At the SA Livestock Exchange at Dublin on Tuesday, the agents yarded 7799 lambs, 1642 more than last week, and 3051 sheep, 414 fewer.

The very mixed quality yarding of crossbred and Merino lambs sold to stronger competition from local and interstate trade and processor buyers. Feeder buyers were active and several large consignments of very light weight crossbreds sold to animated bidding from Yorke Peninsula, West Coast and Riverland buyers.

Very light weight crossbreds to feeders sold from $44-$89, while light weights to feeders sold from $76-$92 and a few 3 score light weights made $94-$104. Light weight 3 score crossbreds to trade buyers lifted marginally, selling from $99-$110 to average 522c/kg cwt. Light trade weight 4 scores lifted $6, selling from $120-$130 and averaging 572c/kg cwt. Heavy trade weight 4 scores lifted $3, selling from $125-$142 and averaging 553c/kg cwt. The heavy weight 4 score lambs attracted very strong bidding to lift by as much as $19 and sell from $136-$175, with an average return of 546c/kg-584c/kg cwt.

Light weight Merino lambs sold from $96-$102, averaging 464c/kg cwt, and trade weight 3 scores to processors lifted $6, selling from $100-$120 and averaging 459c/kg cwt.

The mixed quality sheep sold to very erratic competition from trade and processor buyers, with the sale trend generally cheaper. Light weight 2 score ewes to processors sold on a par with last week, from $50-$88, averaging 295c/kg cwt. The heavy weight 3 score ewes were hardest hit by the erratic prices, selling from $77-$102 and averaging 313c/kg cwt. Heavy weight wethers were in demand and they lifted $6, selling from $92-$120 to average 341c/kg cwt. Heavy weight ram prices slipped $5-$26 to $64-$100.

Water and weather increase Muchea yarding

In WA on Tuesday at the Muchea saleyards, the agents yarded 8560 lambs, 1574 more than last week, and 7315 sheep, 620 more.

The NLRS said drying conditions and water shortages increased the yarding this week. Quality was mixed with some good trade lamb drafts and a reasonable supply of heavy mutton. Secondary and store drafts dominated, with large supplies of light lambs and solid supplies of light weight and conditioned ewes. Competition was variable with some buyers inactive at various times. Prices eased across most categories with only store lambs to feed holding firm.

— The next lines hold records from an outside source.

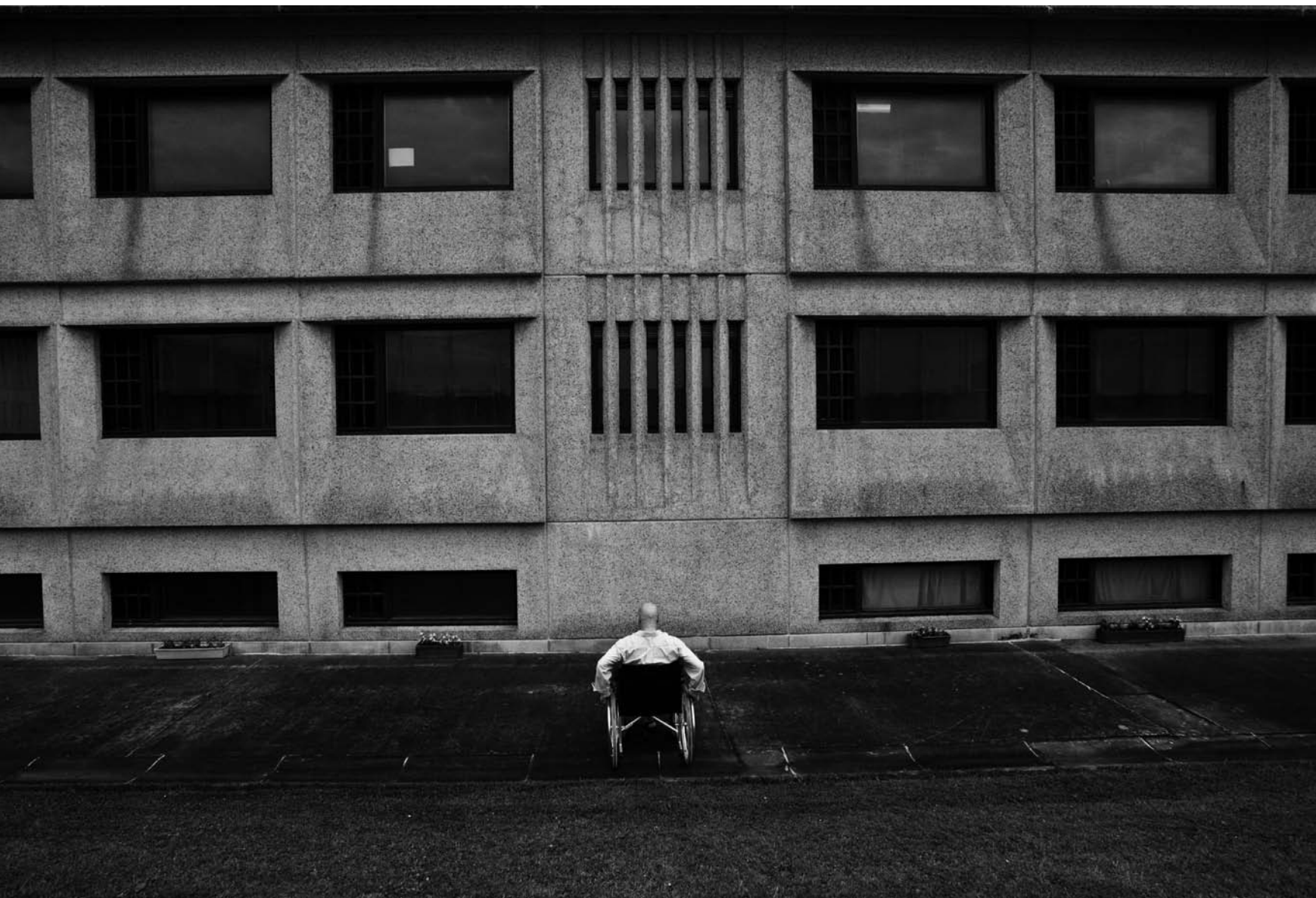
Un détenu dans le bas de la cour de la prison de Paifve (Liège), 12 juillet 2011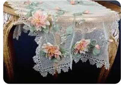
İğne Oyası Motifi

Dolaylı iletişim insanların iletişimde tercih ettiği yöntemlerden biridir. Günümüz insanı nasıl duygu ve düşüncelerini telefonlarındaki sembollerle ifade ediyorsa, Anadolu insanı da konuşmak yerine kendilerini renklerle, motiflerle ifade etmeyi tercih etmiştir. Bu yöntemlerden birisi de dünyada "Türk Danteli" olarak tanınan iğne oyasının motifleridir. Anadolu kadını oyalarla sadece başörtüsünü süslemez, onları âdeta birer sözsüz iletişim unsuru olarak kullanır. İğne oyasıyla sevgi, acı, pişmanlık, öfke, düş kırıklığı, mutluluk gibi duygularını dile getirir.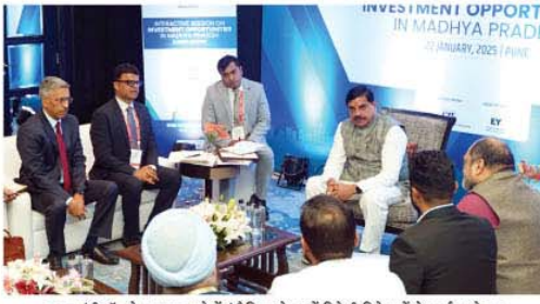
मुख्यमंत्री डॉ. मोहन यादव पुणे में इंटरैक्टिव सेशन में विदेशी निवेशकों से चर्चा करते हुए

पुणे, प्रदेश में वर्ष-2025 को उद्योग एवं रोजगार वर्ष घोषित किया गया है। औद्योगिक विकास की गति को तेज कर प्रदेश को आर्थिक रूप से अधिक उन्नत और समृद्ध बनाने के उद्देश्य से निवेश-अनुकूल नीतियों, उत्कृष्ट बुनियादी ढांचे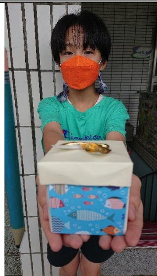
將滿滿心意獻給家人

Light store lambs to restockers made $30-$65, mostly $4 easier, including for Merino drafts. Light lamb to air freight processors eased $4, making $60-$90, while those to feeders sold firm, from $62-$90. Trade lambs made $83-$113 or close to 480c/kg cwt, around $4 easier. Heavy lambs sold from $104-$123 and were close to firm.

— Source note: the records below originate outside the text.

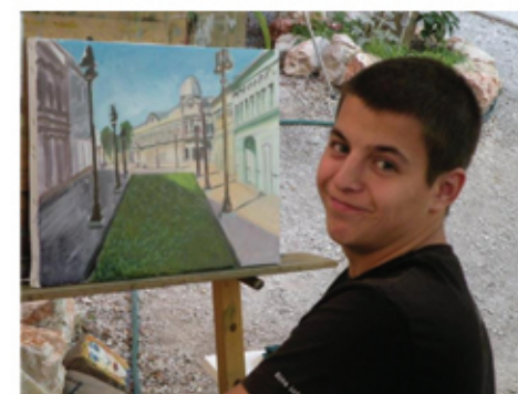
Kurs crtanja i slikanja.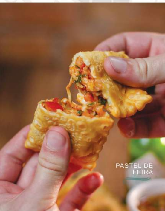
PASTEL DE FEIRA

Dadinho de tapioca com queijo coalho. Acompanha geléia de pimenta dedo de moça, ardência suave.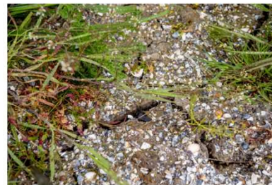
Voedrijken kunnen door de droogte sneller krimpen en barsten dan andere dijken.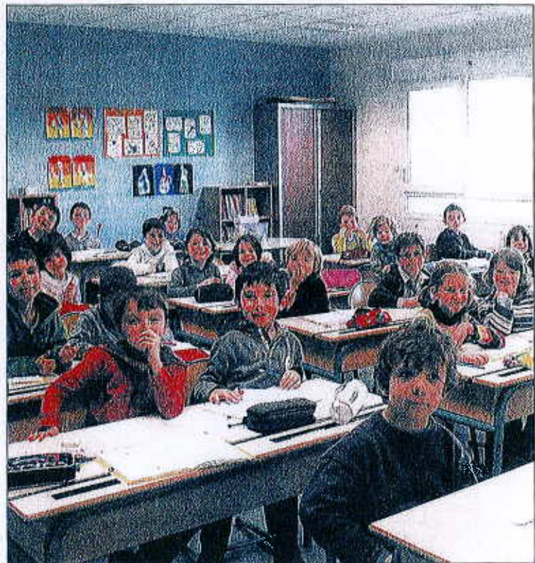
Lundi, les écoliers se sont installés dans leur nouvel environnement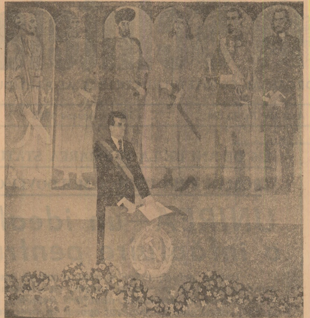
Lucrare de Constantin Piliuță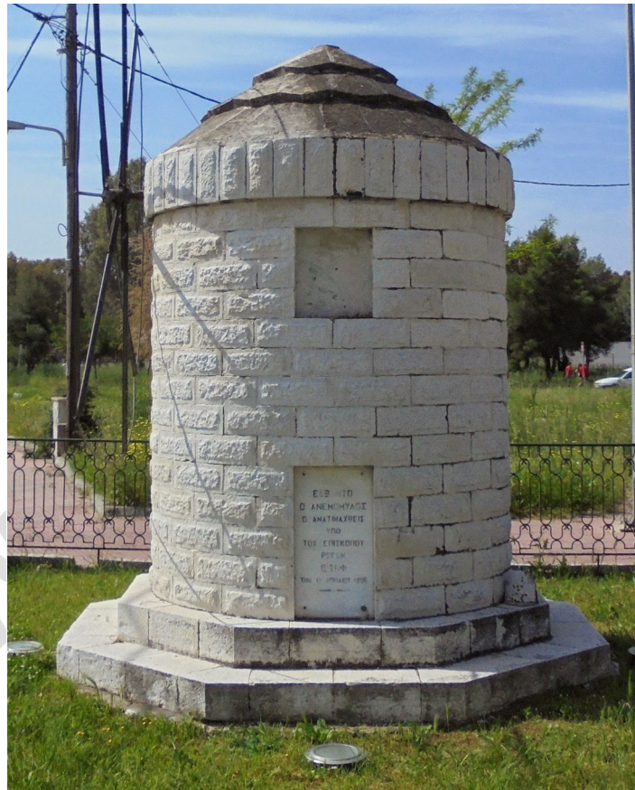
Ὁ ἀνεμόμυλος πού ἀνετίναξε ὁ Ἰωσήφ Ρωγῶν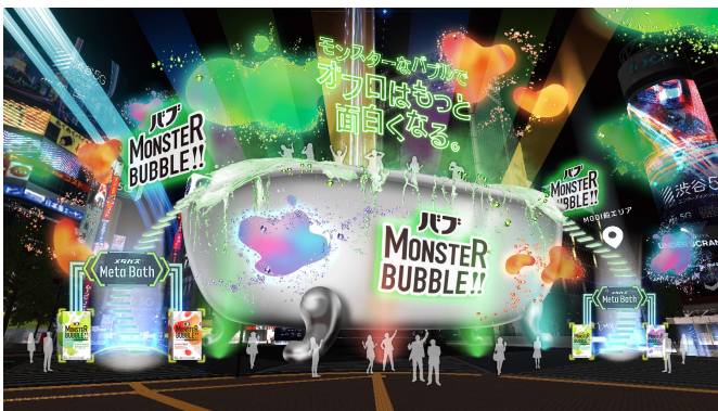
「Meta Bath (メタバス)」 イメージ

バーチャル渋谷の象徴、スランブル交差点に、まさに“モンスター級”の巨大バスタブが出現。『バブ MONSTER BUBBLE』の炭酸のジェット発泡や、緑・青・赤と色とりどりに変わる湯面とともに、ハロウィーン一色となる渋谷の街並みを一望しながら、幻想的なオフロ時間を楽しむことができます。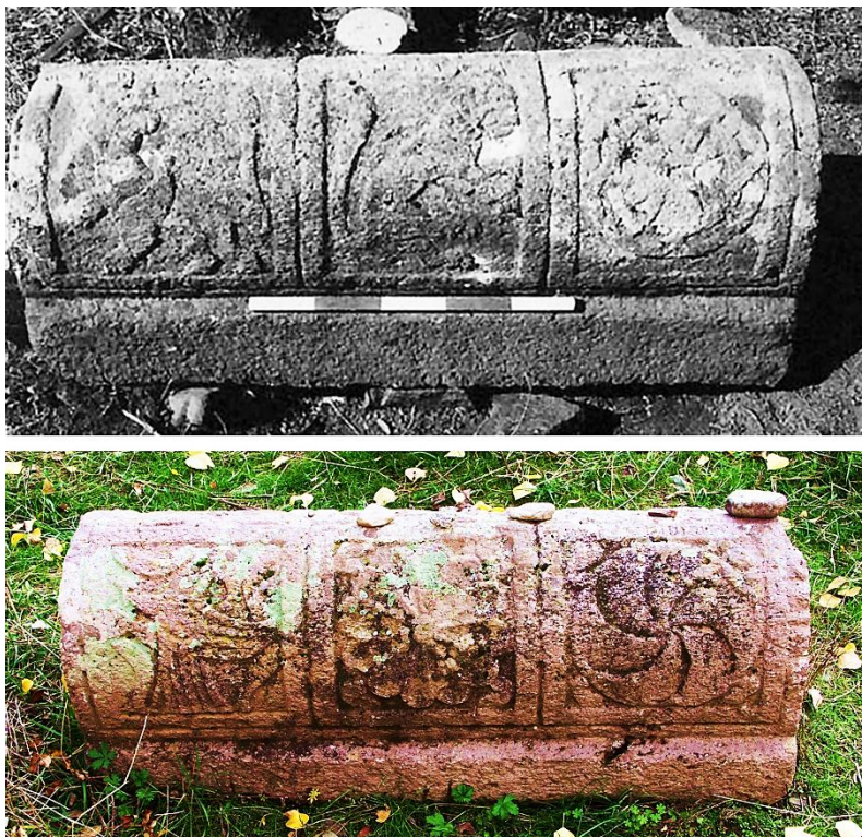
Fig. 8. Éghéguis, cimetière juif. Pierre tombale n° 6.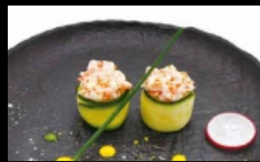
092. GUNKAN ZUCCHINA avvolto con zucchine tagliata sottile e guarniti con tartare di gamberi e tobiko, salsa piccante e maionese

Ewe prices began the sale at easier prices but firmed as the sale progressed. Light ewes made $30-$60, with restockers active at the slightly easier prices. The 2 score mutton sold from $50-$81, back $2-$4, for a 290c/kg cwt average.

Better 3 and 4 score ewes, including heavy weight drafts, made $57-$88.50, back close to $6 and averaging near to 275c/kg cwt. Restockers paid up to $99 for long-wooled heavy ewes, with most restocker sales from $45-$75, including for young ewe hoggets.

Wether prices were easier with limited live export activity. Store wethers made $45-$75, back $3, with heavier drafts going mostly to processors for $70-$90 and close to firm. Ram sales remained similar, with ram lambs to $86.50, young rams to export or feed at $25-$78 and old rams to processors from $20-$45.